The document does not mention an adjudication method (like 2+1 or 3+1) for the clinical outcome data. This type of method is more common in studies where subjective assessments (e.g., image interpretation) need consensus. Here, the outcomes are objective clinical measurements (IOP, visual acuity, adverse events).

5. Multi-Reader Multi-Case (MRMC) Comparative Effectiveness Study

An MRMC study was not performed. The study described compares clinical outcomes of a medical device in patients, not the performance of human readers with or without AI assistance. The device itself is an implant, not an AI diagnostic tool.

6. Standalone Performance Study

This is not applicable as the Molteno3 S-Series Glaucoma Implant is a medical device for implantation, not an algorithm. Its "performance" is measured by its clinical effect in vivo (reduce intraocular pressure, maintain visual acuity, safety profile), as opposed to an algorithm's standalone diagnostic accuracy. The clinical study described in Section VII.B is effectively the standalone performance study for the device's clinical impact.

7. Type of Ground Truth Used

The "ground truth" used for assessing the device's performance comprises clinical outcome data including:

• Intraocular Pressure (IOP) measurements
• Visual acuity measurements
• Post-operative reductions (other unspecified clinical parameters)
• Adverse event rates

This outcome data is used to determine if the device is "safe and effective."

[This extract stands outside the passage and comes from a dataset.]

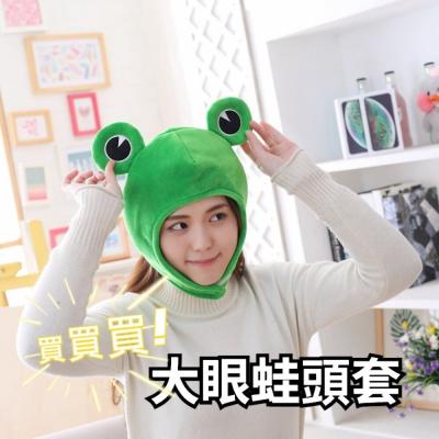 大眼青蛙頭套帽子 絨布頭套 卡通帽子 可愛 呆萌 網紅拍照專用 萬聖節 派對 交換禮物

8. Sample Size for the Training Set

The document describes a clinical comparison study, not the training of an algorithm or AI model. Therefore, there is no training set in the context of machine learning. The clinical data serves as evidence for device performance.

9. How the Ground Truth for the Training Set Was Established

As there is no training set for an algorithm, this question is not applicable.